Kliegman spoke up. “Minimizing. A slippery slope to the depths of evasion.”
“Particularly,” Adler said, “when enormous transactions are made with cash.”
“Cash is honest,” Storms shot back. “Cash deters excessive spending. People think twice when they have to count it out on the barrel-head instead of blithely scribbling a check in the hopes their banker covers their overdraft. Cash backed by gold. That’s my motto.”
The three detectives stood silent as bronze statues.
Storms asked, “Are you inquiring about a particular client of mine? Or are you just fishing?”
“Prince André.”
That got them invitations to sit down. Storms looked considerably less sure of himself. When his voice tube whistled, he jerked off the cap and growled, “Do not disturb me.”
“How rich is he?” Adler asked bluntly.
“Prince André is a wealthy man. He was wealthy before the market took off like a Roman candle, and he is wealthier now. And I assure you that, come next April 15, he will pay his fair taxes on his earnings in the market.”
“We have no doubt,” said Adler.
“Then why are you here?”
“Cash, Mr.

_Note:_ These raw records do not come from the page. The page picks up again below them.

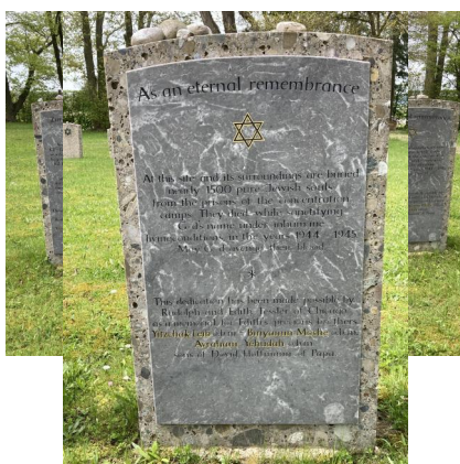
Neumarkt-St. Veit, KZ-Friedhof und Gedenkstätte (Aufnahme 2023).
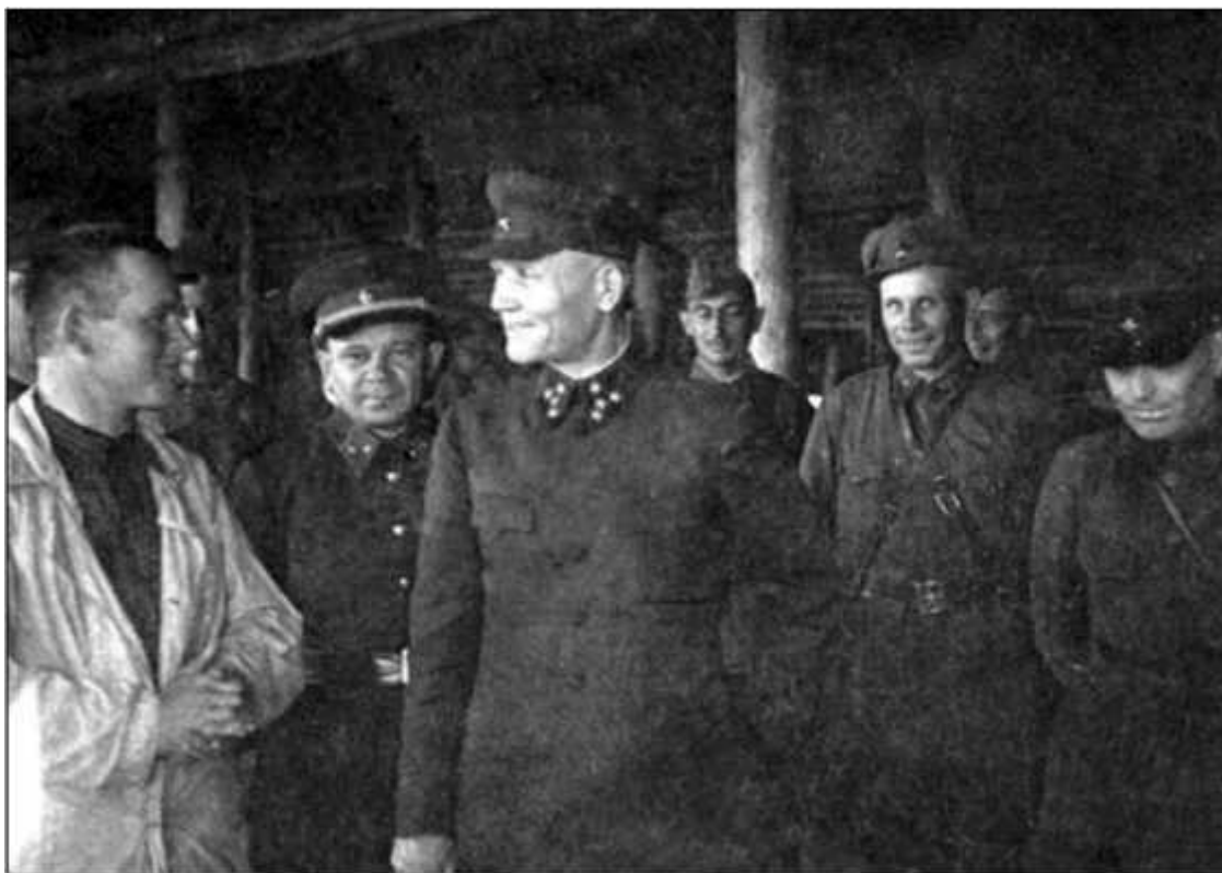
Командующий Калининским фронтом генерал-полковник Иван Степанович Конев (в центре) в штабе 31 – й армии, октябрь 1941 года.

С одной стороны, 9-я полевая армия вермахта, лишенная подвижных соединений 3-й танковой группы, осуществлявших наступление на Москву, не имела сколь-нибудь существенных возможностей для ведения активных наступательных действий (например, в направлении Торжка или Бежецка). Впрочем, подобных задач верховное главнокомандование сухопутных войск (ОКХ) перед ней уже не ставило.
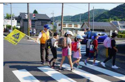
▲地域の人たちに見守られ、安心して登校する子供たち
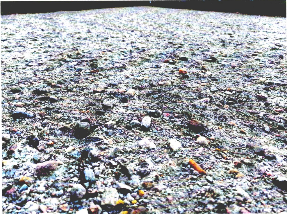
Widok na przedmiotowy teren – stan na kwiecień 2024 – widok stanu nawierzchni betonowej na ciągu komunikacyjnym.
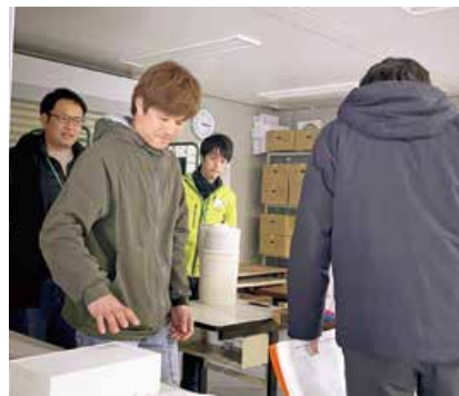
▲作業場の衛生管理も確認しました。
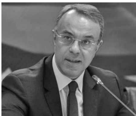
Ο υπουργός Οικονομικών Χρήστος Σταϊκούρας

«Η ρήτρα αυτή, που θεσπίστηκε το 2011, ενεργοποιείται για πρώτη φορά, σηματοδοτώντας την ισχυρή βούληση των θεσμικών οργάνων της Ευρωπαϊκής Ένωσης και των Υπουργών Οικονομικών των κρατών-μελών της να αξιοποιήσουν στον μέγιστο

Storms. Our old reliable friend cash. Backed by gold.”
The mild-mannered Adler suddenly had a steel gleam in his eye, and steel in his voice. “Cash can come from untaxed gains. Even illegal gains. Does he have private accounts or does he represent a corporation?”
Storms looked a little surprised by the question, and Adler feared he had misstepped. It turned out he hadn’t. Storms said, “Both actually. He has some corporate entities that maintain some accounts. And he also trusts us with the privilege of managing his personal holdings.”

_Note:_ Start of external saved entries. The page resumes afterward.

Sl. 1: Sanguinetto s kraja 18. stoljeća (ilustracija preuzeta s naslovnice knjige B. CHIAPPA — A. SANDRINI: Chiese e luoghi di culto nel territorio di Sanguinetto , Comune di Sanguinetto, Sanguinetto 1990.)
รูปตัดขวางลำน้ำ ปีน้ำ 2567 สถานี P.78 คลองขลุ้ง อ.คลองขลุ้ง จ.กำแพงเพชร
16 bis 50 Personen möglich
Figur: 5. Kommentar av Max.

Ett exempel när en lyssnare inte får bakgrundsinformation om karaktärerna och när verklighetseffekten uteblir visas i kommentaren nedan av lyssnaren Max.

“Numerous accounts of cash?”
Storms sprang to his feet. “I have spoken far too freely about private matters, don’t you think?”
“We think that a government prosecutor might wonder whether that cash was invested with you to hide all trace of ill-gotten gains.”
“I don’t like your implication, sir.”
Adler quoted from his dictionary: “Concealing the origins of money obtained illegally by passing it through a complex sequence of banking transfers or commercial transactions is a crime.”
Kliegman quoted from his: “To transfer funds of dubious or illegal origin to a foreign country, and then later recover them from what seem to be clean sources, is a crime.”
Adler added, “To help a criminal hide cash is to become an accomplice in the crime of tax evasion.”
Detective Marcum had yet to speak. He had a deep voice that rumbled like a chain-drive “Bull Dog” truck. “To gain by not paying taxes is tax evasion, whether the original gain is legal or illegal.”
“No one has ever been prosecuted for that,” Storms protested.
“Yet,” said Marcum.
“Would you like to be the first?”
Newtown Storms said, staunchly, “An American citizen would be violating his Fifth Amendment rights against self-incrimination if he admitted to illegal gains on his tax return.”